(Your task):
The answer must be the full data, restated word for word, with no pictures in it.

***** Extracted entries

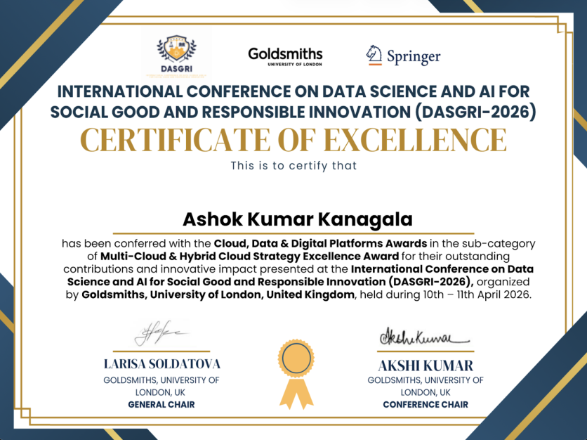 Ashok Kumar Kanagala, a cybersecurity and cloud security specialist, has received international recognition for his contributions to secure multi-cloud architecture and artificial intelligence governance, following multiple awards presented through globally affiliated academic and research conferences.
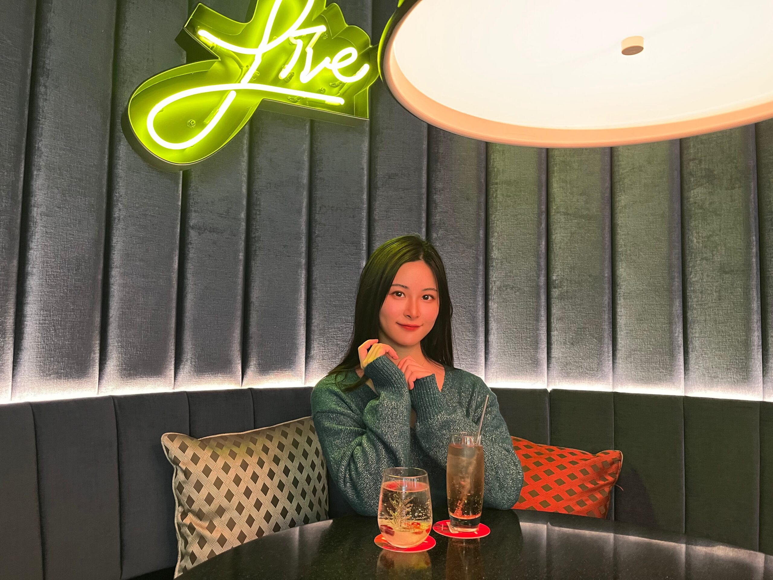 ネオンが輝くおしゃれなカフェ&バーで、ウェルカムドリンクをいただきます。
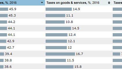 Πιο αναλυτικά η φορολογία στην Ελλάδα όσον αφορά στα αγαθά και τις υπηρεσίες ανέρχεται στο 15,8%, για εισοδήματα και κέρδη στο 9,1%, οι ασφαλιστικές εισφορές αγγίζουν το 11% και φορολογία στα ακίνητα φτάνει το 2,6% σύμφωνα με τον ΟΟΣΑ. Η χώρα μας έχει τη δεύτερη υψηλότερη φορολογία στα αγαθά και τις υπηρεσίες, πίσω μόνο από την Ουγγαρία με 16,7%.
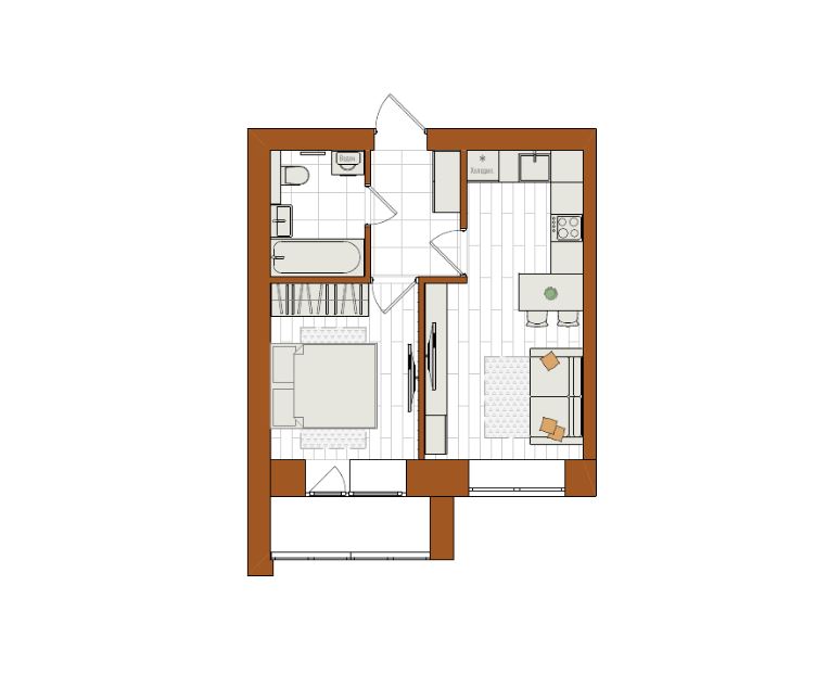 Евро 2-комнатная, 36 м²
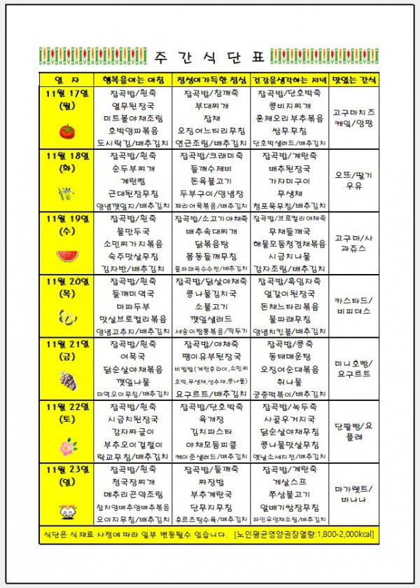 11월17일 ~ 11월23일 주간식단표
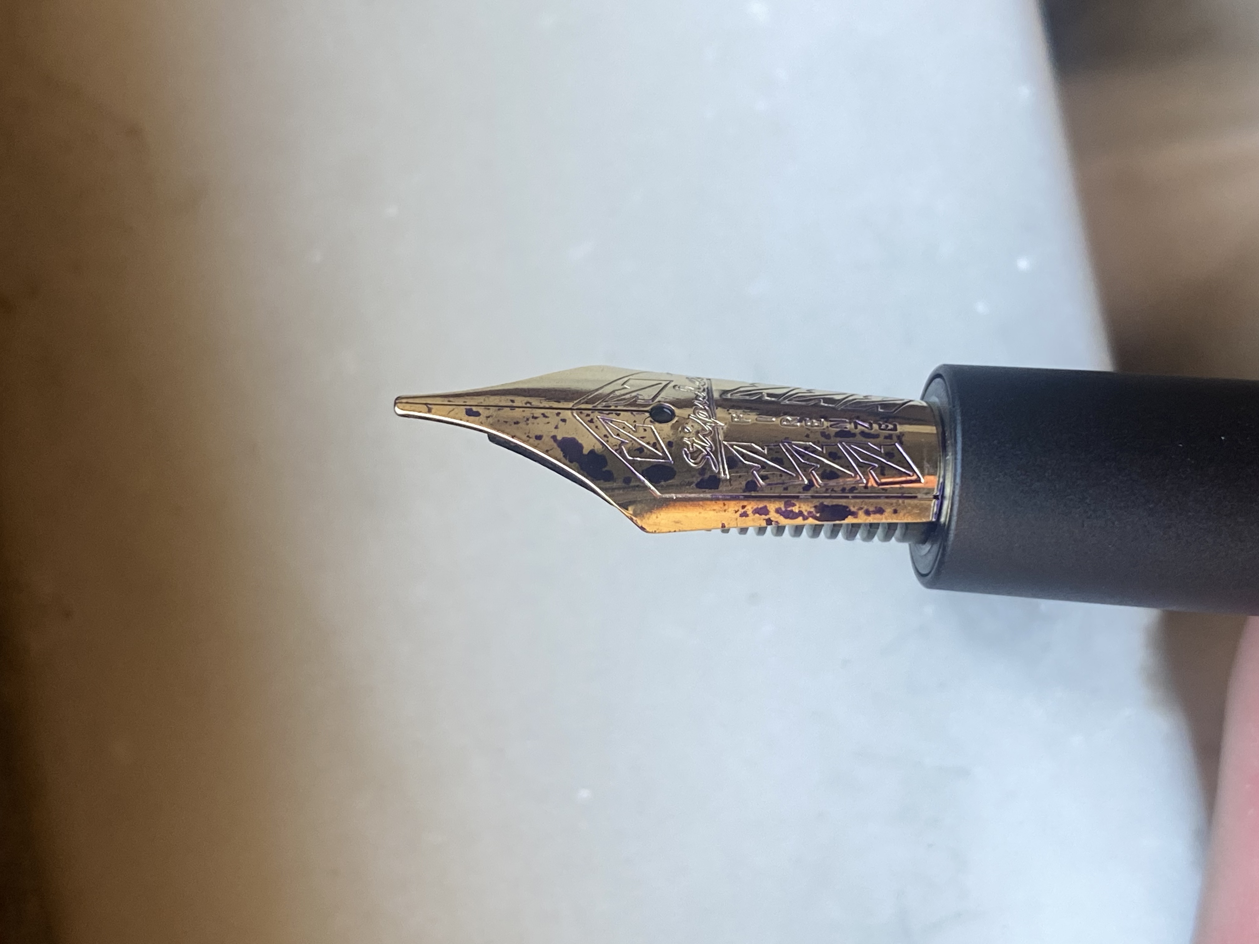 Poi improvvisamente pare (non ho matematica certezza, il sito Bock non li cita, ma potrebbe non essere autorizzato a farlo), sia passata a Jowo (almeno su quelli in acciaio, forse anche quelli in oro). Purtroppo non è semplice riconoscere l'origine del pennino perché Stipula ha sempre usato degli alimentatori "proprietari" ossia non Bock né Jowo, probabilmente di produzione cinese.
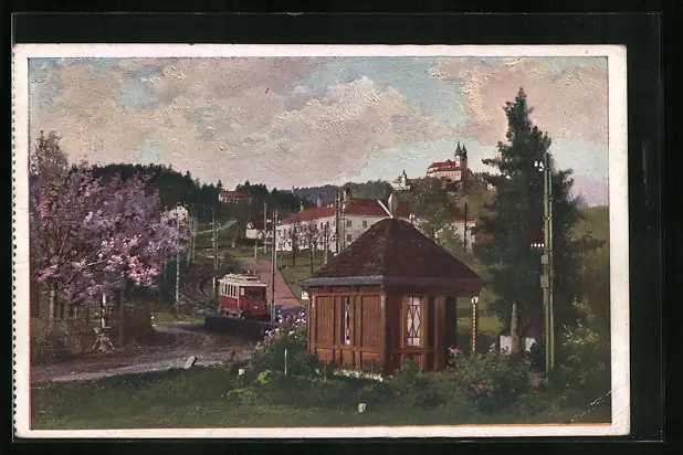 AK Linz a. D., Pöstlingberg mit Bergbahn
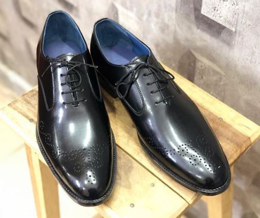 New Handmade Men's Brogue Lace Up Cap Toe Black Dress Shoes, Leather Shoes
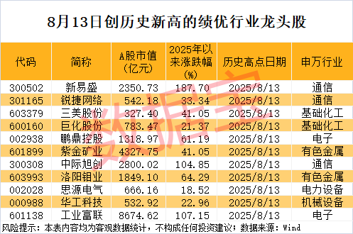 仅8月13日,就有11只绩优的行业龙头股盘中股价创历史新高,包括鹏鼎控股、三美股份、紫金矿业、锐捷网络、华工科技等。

**********

(Written solution):
 Ashok Kumar Kanagala, a cybersecurity and cloud security specialist, has received international recognition for his contributions to secure multi-cloud architecture and artificial intelligence governance, following multiple awards presented through globally affiliated academic and research conferences.
 ネオンが輝くおしゃれなカフェ&バーで、ウェルカムドリンクをいただきます。
 Πιο αναλυτικά η φορολογία στην Ελλάδα όσον αφορά στα αγαθά και τις υπηρεσίες ανέρχεται στο 15,8%, για εισοδήματα και κέρδη στο 9,1%, οι ασφαλιστικές εισφορές αγγίζουν το 11% και φορολογία στα ακίνητα φτάνει το 2,6% σύμφωνα με τον ΟΟΣΑ. Η χώρα μας έχει τη δεύτερη υψηλότερη φορολογία στα αγαθά και τις υπηρεσίες, πίσω μόνο από την Ουγγαρία με 16,7%.
 Евро 2-комнатная, 36 м²
 11월17일 ~ 11월23일 주간식단표
 Poi improvvisamente pare (non ho matematica certezza, il sito Bock non li cita, ma potrebbe non essere autorizzato a farlo), sia passata a Jowo (almeno su quelli in acciaio, forse anche quelli in oro). Purtroppo non è semplice riconoscere l'origine del pennino perché Stipula ha sempre usato degli alimentatori "proprietari" ossia non Bock né Jowo, probabilmente di produzione cinese.
 AK Linz a. D., Pöstlingberg mit Bergbahn
 New Handmade Men's Brogue Lace Up Cap Toe Black Dress Shoes, Leather Shoes
 仅8月13日,就有11只绩优的行业龙头股盘中股价创历史新高,包括鹏鼎控股、三美股份、紫金矿业、锐捷网络、华工科技等。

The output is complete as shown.